Goal of the exercise » Extract exactly the lines from the top of the records through the line containing "AlwaysMouseWheel是一款鼠", and keep pictures out of the copy.

Working data »
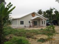 I am presently in Albuquerque, New Mexico and the local wat was built using the all white steel construction. The building was a modified Thai Wat style with the steep roof line.
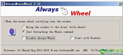 AlwaysMouseWheel是一款鼠标滚轮增强工具,提供与众不同的窗口激活方法,假如你感觉鼠标左键用过度,可以考虑下载AlwaysMouseWheel来试一试哦,只须将你的鼠标移动到非活动窗口上,拨动鼠标滚轮,就能立马激活了。
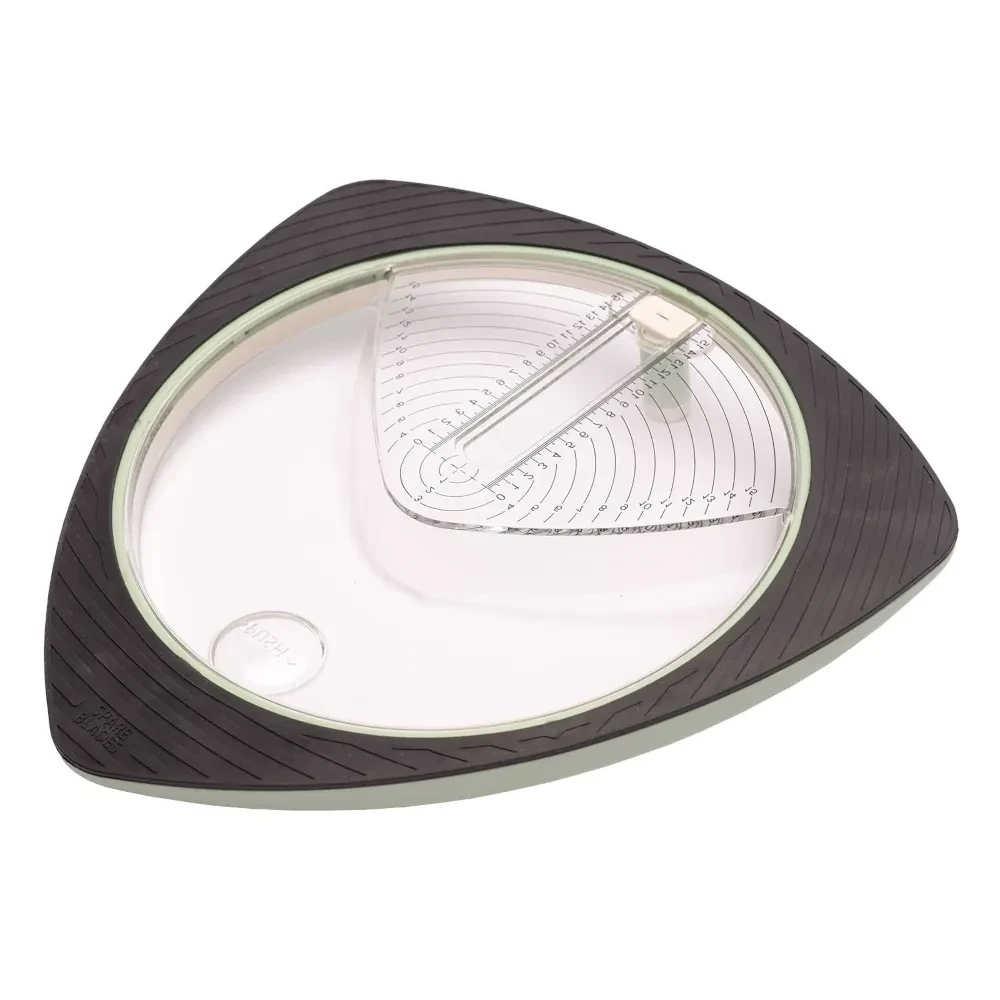Zestaw składa się z narzędzia do kółek oraz zapasowych ostrzy. Ostrza są przechowywane w specjalnych miejscach pod gumową podstawą. Narzędziem do kółek możesz bez problemu wycinać w różnych materiałach, takich jak karton o gramaturze do 250 g/m2, pianka o grubości do 2 mm czy folia termokurczliwa.
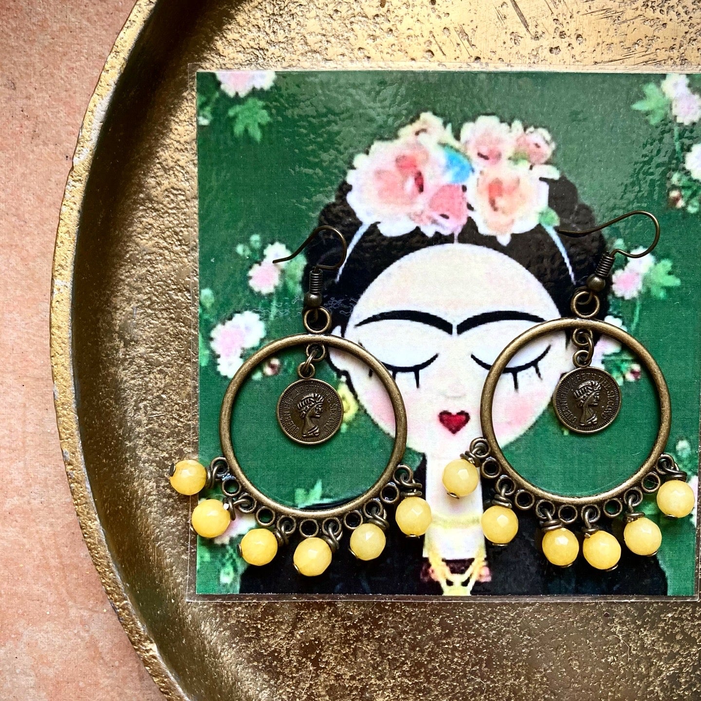 Orecchini realizzati a mano con pendente color bronzo e pietre di giada gialla
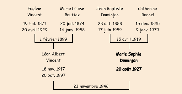 Mariée (19 ans) avec Léon Albert Vincent (29 ans) le 23 novembre 1946 à Fontcouverte |
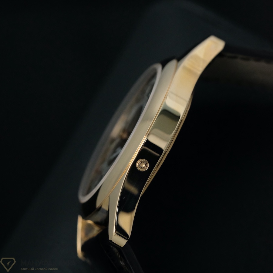 Эти часы выполнены из розового золота, что придает им особую изысканность и элегантность. Их корпус имеет размер 37 мм, что делает их идеальными для мужчины, ценящего утонченность и стиль. Ремешок из натуральной кожи добавляет дополнительный штрих комфорта и элегантности.
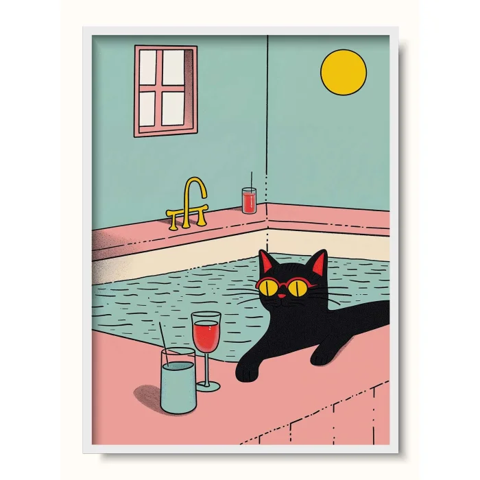 Imagined with retro colors and simple geometric shapes, a black cat enjoying itself in a pool.
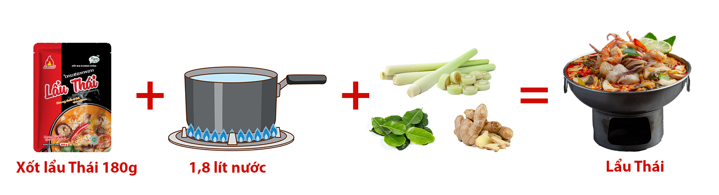 - Đổ khoảng 1,8 lít nước lọc vào nồi, đổ gói xốt lẩu Thái 180g. Khuấy đều và đun sôi.
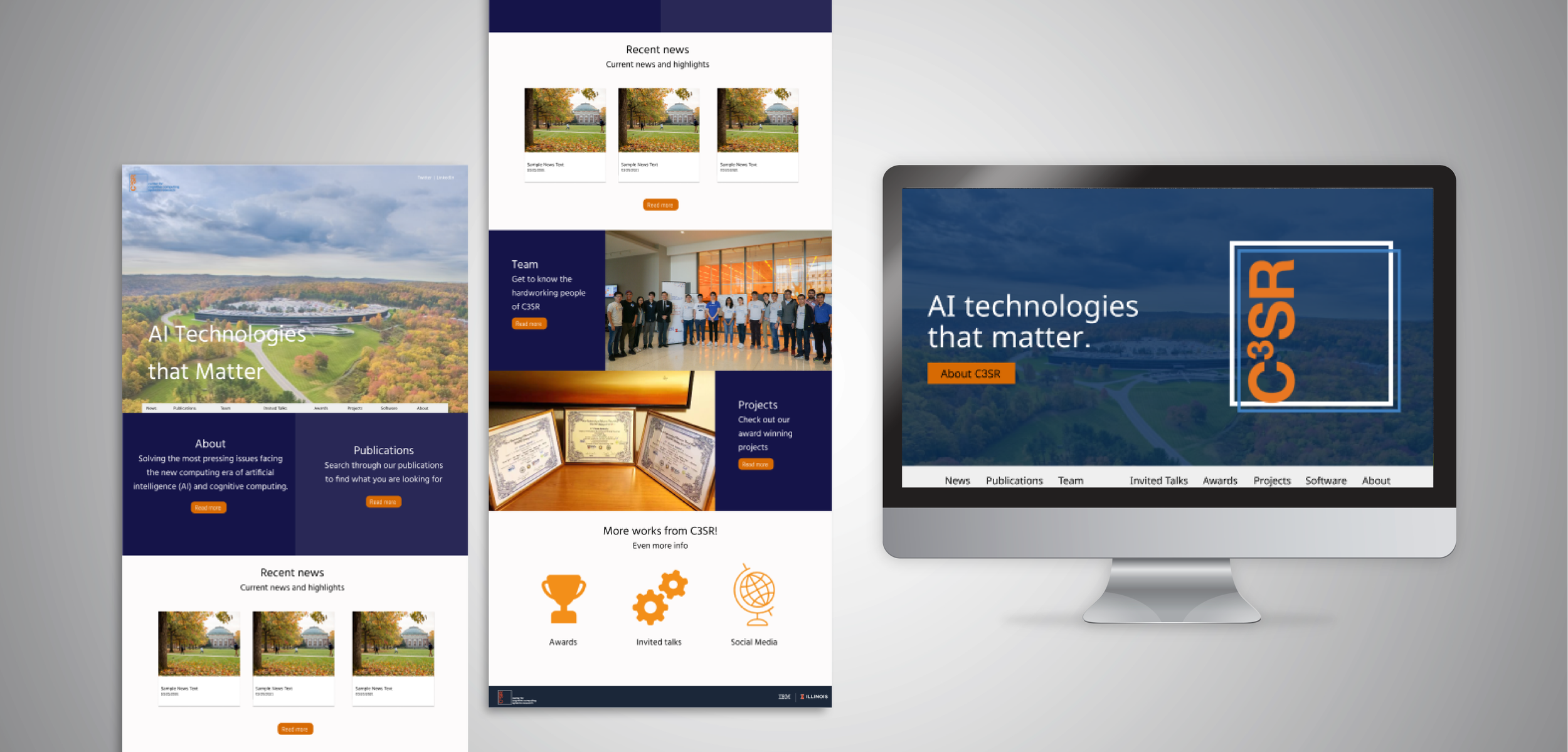 The Center for Cognitive Computing Systems Research is a collaborative effort between the University of Illinois and IBM right here on campus. My challenge was to revamp their website completely, aligning it with their fresh brand vision while ensuring a seamless user interface and experience. It was essential to preserve the original content that made them unique. To accomplish this, I teamed up with two brilliant computer science majors who converted our ideas into reality. For the wireframe, I primarily utilized Figma, exploring numerous iterations, mock-ups, and concept proposals until we settled on a final layout that hit the mark.
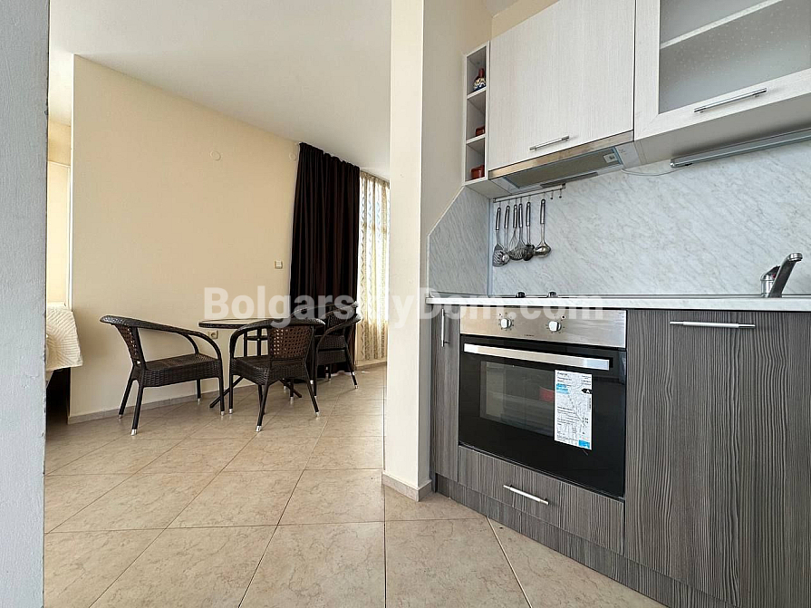 The Pyrop City complex is situated in a quiet area, only 350–500 meters from the beach and 500 meters from the resort center, next to a park and landscaped recreation areas. Residents have access to an outdoor swimming pool with a children’s section, a playground, a gated area with security and video surveillance, and parking. All necessary infrastructure — supermarkets, cafés, restaurants, shopping and entertainment centers — is just a 5-minute walk away. The annual maintenance fee is 12 euros per sq.m., which is a great condition for such a central location in Sunny Beach.

Reply to the task »
 I am presently in Albuquerque, New Mexico and the local wat was built using the all white steel construction. The building was a modified Thai Wat style with the steep roof line.
 AlwaysMouseWheel是一款鼠标滚轮增强工具,提供与众不同的窗口激活方法,假如你感觉鼠标左键用过度,可以考虑下载AlwaysMouseWheel来试一试哦,只须将你的鼠标移动到非活动窗口上,拨动鼠标滚轮,就能立马激活了。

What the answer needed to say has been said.